(Task item):
Could you repeat the records below exactly, without the pictures?

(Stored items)
::::::::
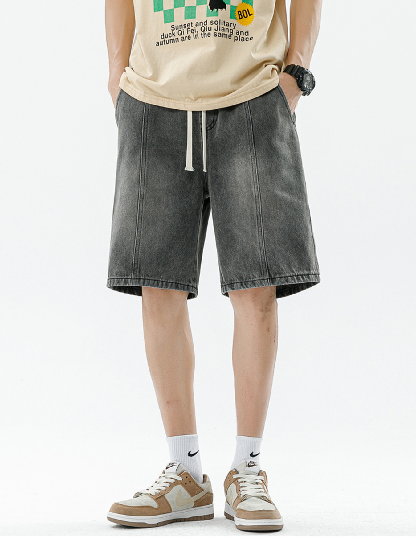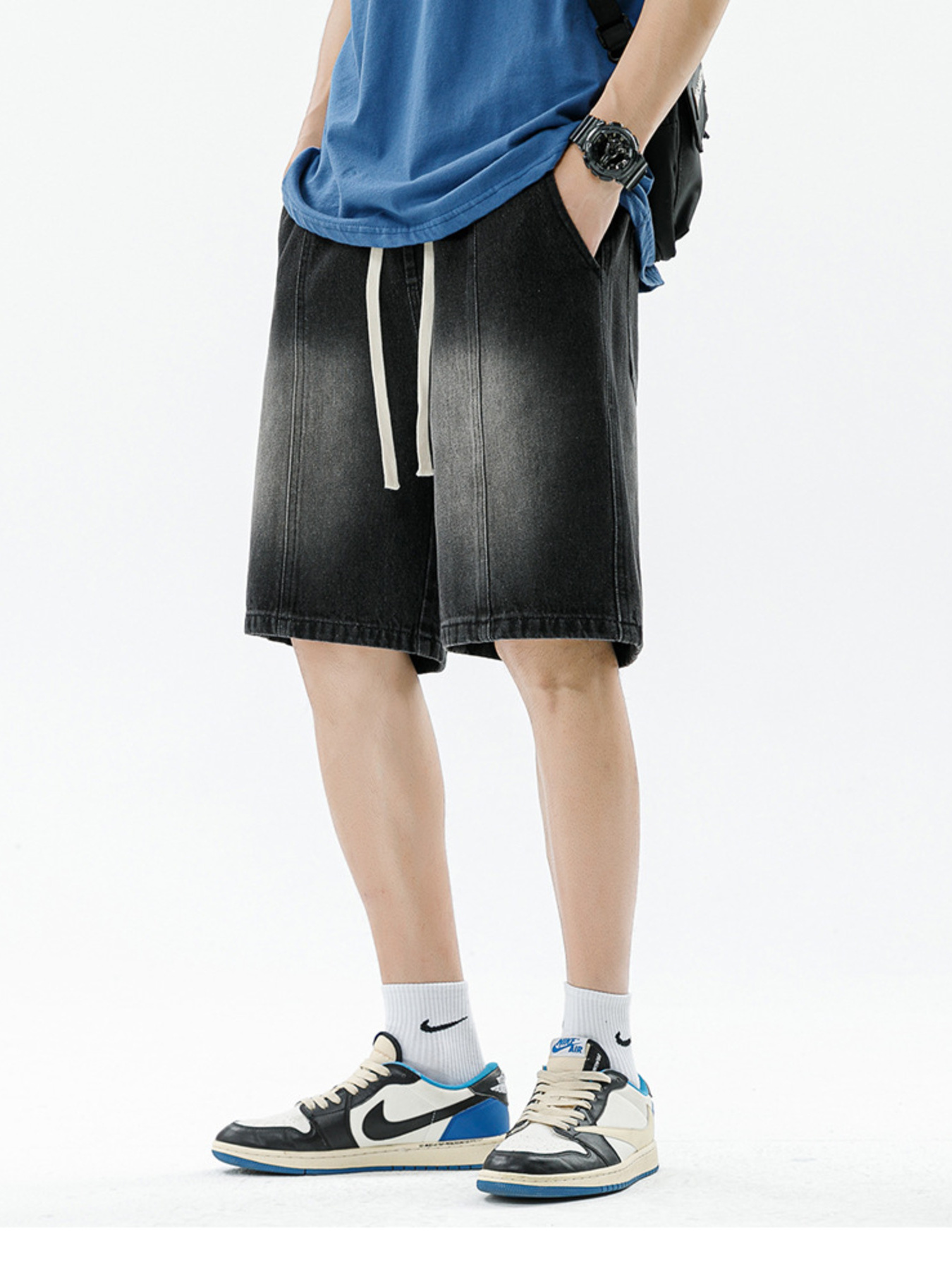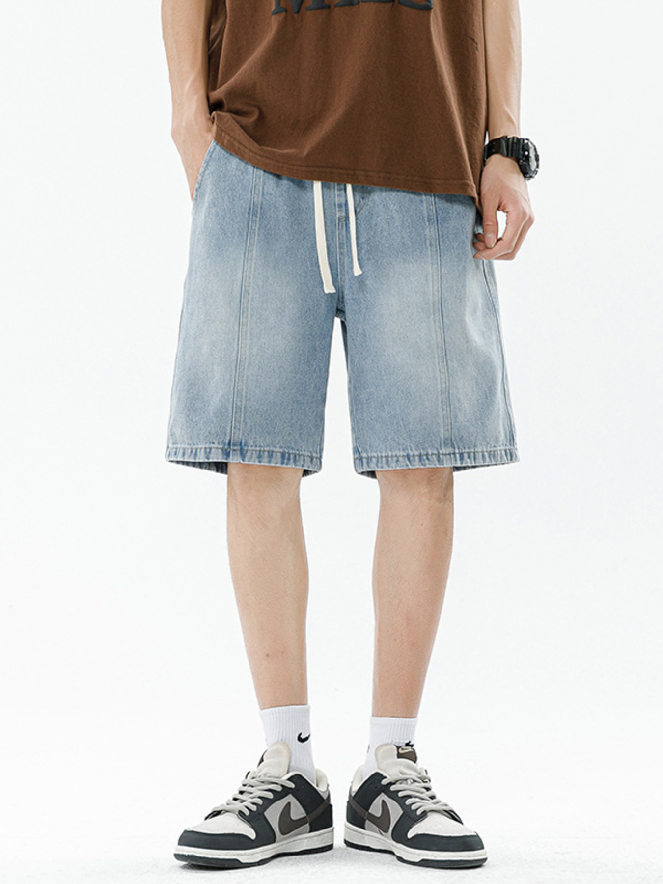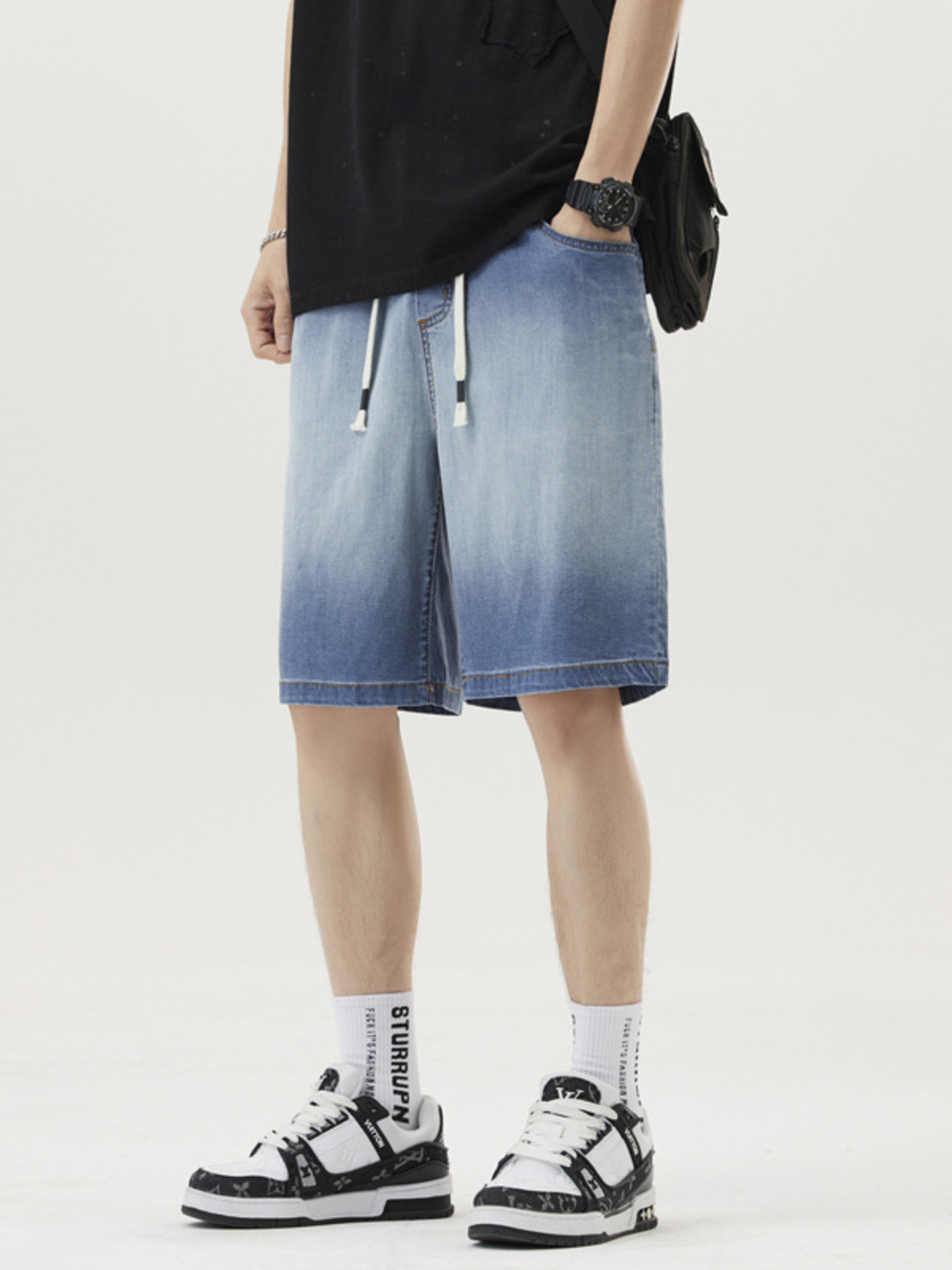 Men's Loose Fit Drawstring Denim Shorts
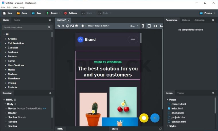 Bootstrap Studio — это приложение для создания адаптивных веб-сайтов с использованием фреймворка Bootstrap. Оно предоставляет разработчикам и дизайнерам удобный визуальный интерфейс для быстрой и эффективной разработки современных веб-проектов.Программа оснащена широким набором компонентов, которые можно перетаскивать на рабочее пространство и настраивать под свои нужды. Сюда входят сетки, кнопки, навигационные панели, формы и другие элементы, что позволяет создавать сложные макеты без глубоких знаний в программировании.
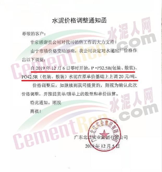 日前,廣東北江實(shí)業(yè)集團(tuán)有限公司發(fā)調(diào)價(jià)通知稱(chēng),由于市場(chǎng)價(jià)格變動(dòng)影響,公司決定 對(duì)水泥出廠價(jià)格做出調(diào)整。自12月6日零時(shí)開(kāi)始P.P32.5R(包、散裝)、PO42.5R(包裝、散裝)水泥在原單價(jià)基礎(chǔ)上上調(diào)20元/噸。
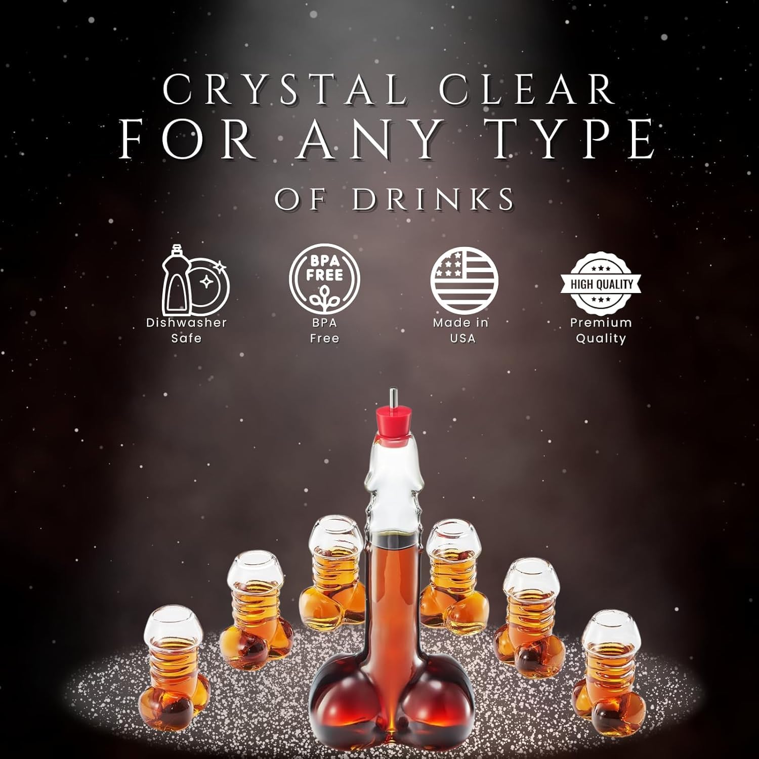 Decanter Set with Glasses, Decanter -17oz-, Shot Glasses -3oz -, for Whiskey, Liquor, Tequila, Vodka, Bar Glasses, Cocktail Glasses, Bachelorette Party, Funny Gifts
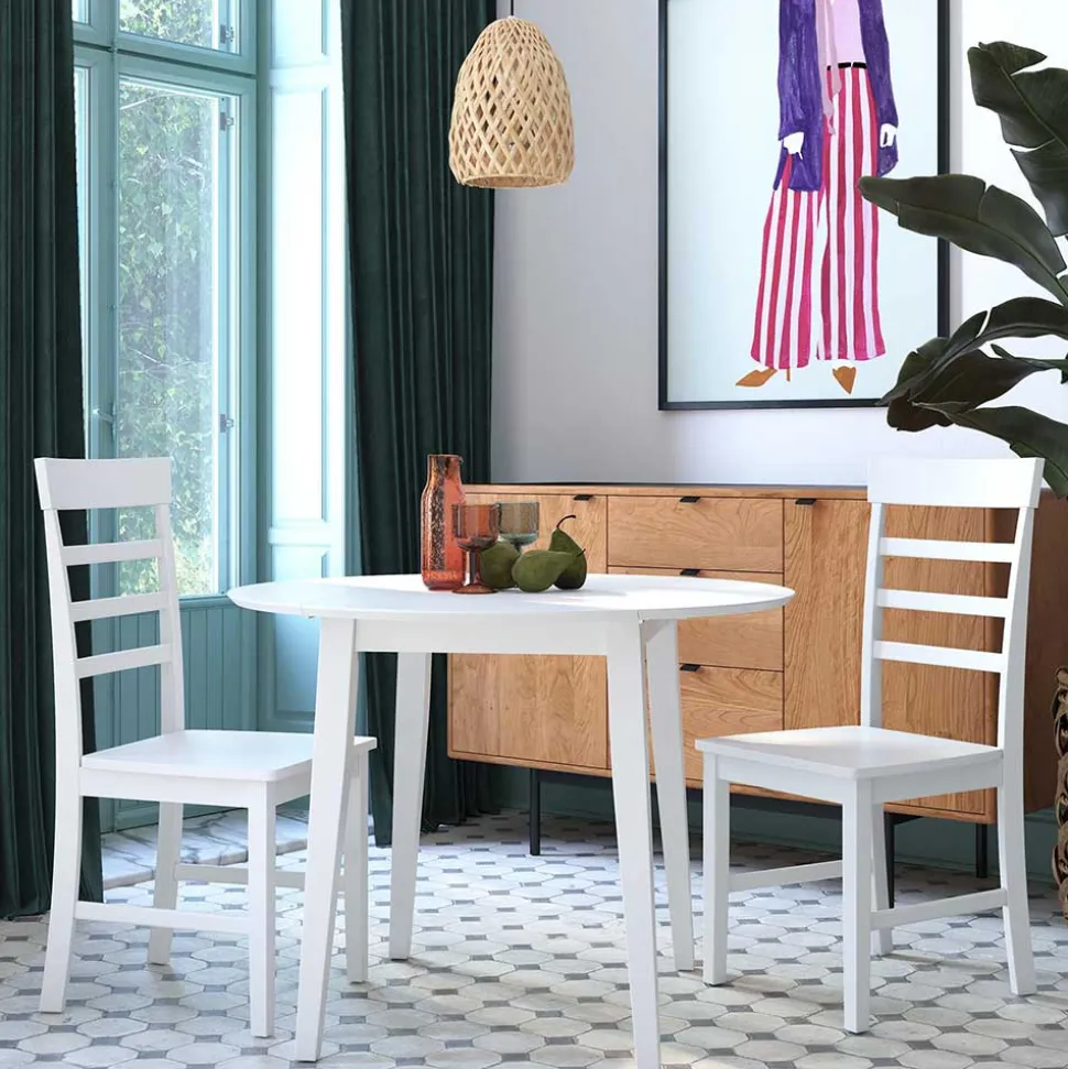 Der Tisch mit den Maßen 99x75x99 cm besticht durch seine abklappbaren Seiten, was besonders praktisch ist, wenn Sie mehr Platz benötigen. Das Fußgestell aus massivem Holz verleiht dem Tisch Stabilität und eine charmante Ausstrahlung.
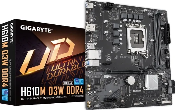 The GIGABYTE H610M D3W DDR4 motherboard is designed for users seeking a reliable and efficient platform for their computing needs. Supporting 12th, 13th, and 14th Generation Intel Core processors, this motherboard offers performance and flexibility. It features a compact micro ATX form factor that is perfect for building smaller systems while offering expansion options for upgrades.
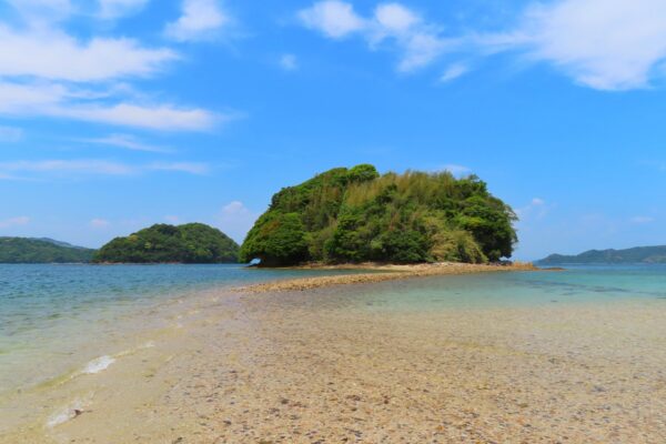 干潮時だけ現れる砂の道を渡って、ちょっとした冒険気分。
::::::::
(Response area):
 Men's Loose Fit Drawstring Denim Shorts
 Bootstrap Studio — это приложение для создания адаптивных веб-сайтов с использованием фреймворка Bootstrap. Оно предоставляет разработчикам и дизайнерам удобный визуальный интерфейс для быстрой и эффективной разработки современных веб-проектов.Программа оснащена широким набором компонентов, которые можно перетаскивать на рабочее пространство и настраивать под свои нужды. Сюда входят сетки, кнопки, навигационные панели, формы и другие элементы, что позволяет создавать сложные макеты без глубоких знаний в программировании.
 日前,廣東北江實(shí)業(yè)集團(tuán)有限公司發(fā)調(diào)價(jià)通知稱(chēng),由于市場(chǎng)價(jià)格變動(dòng)影響,公司決定 對(duì)水泥出廠價(jià)格做出調(diào)整。自12月6日零時(shí)開(kāi)始P.P32.5R(包、散裝)、PO42.5R(包裝、散裝)水泥在原單價(jià)基礎(chǔ)上上調(diào)20元/噸。
 Decanter Set with Glasses, Decanter -17oz-, Shot Glasses -3oz -, for Whiskey, Liquor, Tequila, Vodka, Bar Glasses, Cocktail Glasses, Bachelorette Party, Funny Gifts
 Der Tisch mit den Maßen 99x75x99 cm besticht durch seine abklappbaren Seiten, was besonders praktisch ist, wenn Sie mehr Platz benötigen. Das Fußgestell aus massivem Holz verleiht dem Tisch Stabilität und eine charmante Ausstrahlung.
 The GIGABYTE H610M D3W DDR4 motherboard is designed for users seeking a reliable and efficient platform for their computing needs. Supporting 12th, 13th, and 14th Generation Intel Core processors, this motherboard offers performance and flexibility. It features a compact micro ATX form factor that is perfect for building smaller systems while offering expansion options for upgrades.
 干潮時だけ現れる砂の道を渡って、ちょっとした冒険気分。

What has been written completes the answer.